What you will do » Exact transcription begins at the first line of the material below and ends with the line holding "夏休みを目前に学校をきれいに"; pictures are skipped.

Data excerpt »
"""
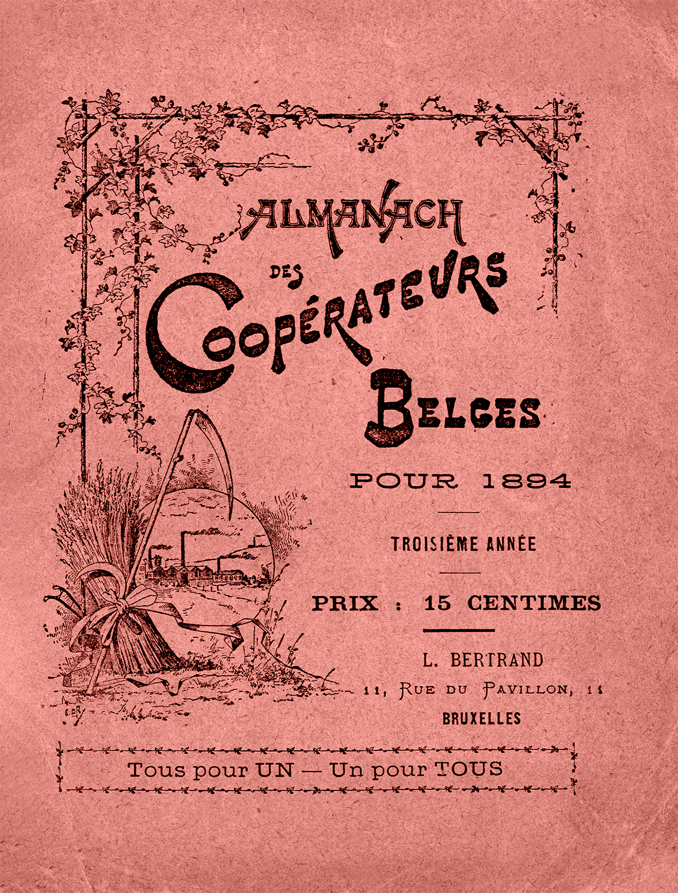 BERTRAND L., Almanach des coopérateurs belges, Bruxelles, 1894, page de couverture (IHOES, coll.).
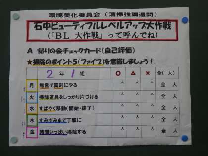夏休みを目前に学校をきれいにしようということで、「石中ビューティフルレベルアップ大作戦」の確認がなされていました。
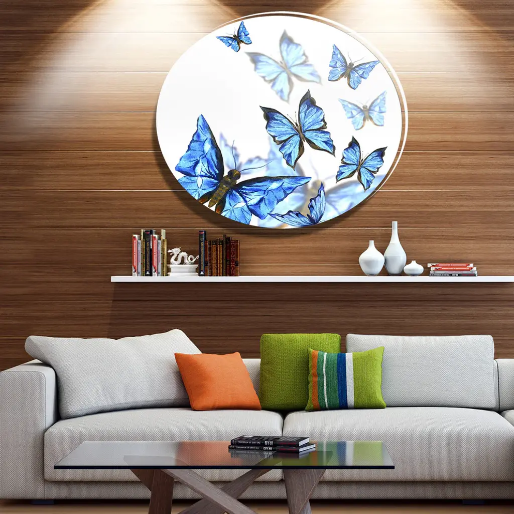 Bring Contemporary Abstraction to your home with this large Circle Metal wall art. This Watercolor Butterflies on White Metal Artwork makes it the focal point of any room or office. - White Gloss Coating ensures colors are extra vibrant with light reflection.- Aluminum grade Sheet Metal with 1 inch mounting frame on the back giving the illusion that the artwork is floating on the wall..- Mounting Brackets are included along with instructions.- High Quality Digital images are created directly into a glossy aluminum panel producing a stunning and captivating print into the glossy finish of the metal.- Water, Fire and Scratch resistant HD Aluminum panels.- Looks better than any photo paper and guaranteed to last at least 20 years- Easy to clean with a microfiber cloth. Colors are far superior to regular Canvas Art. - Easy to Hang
"""
Response for this exercise »
 BERTRAND L., Almanach des coopérateurs belges, Bruxelles, 1894, page de couverture (IHOES, coll.).
夏休みを目前に学校をきれいにしようということで、「石中ビューティフルレベルアップ大作戦」の確認がなされていました。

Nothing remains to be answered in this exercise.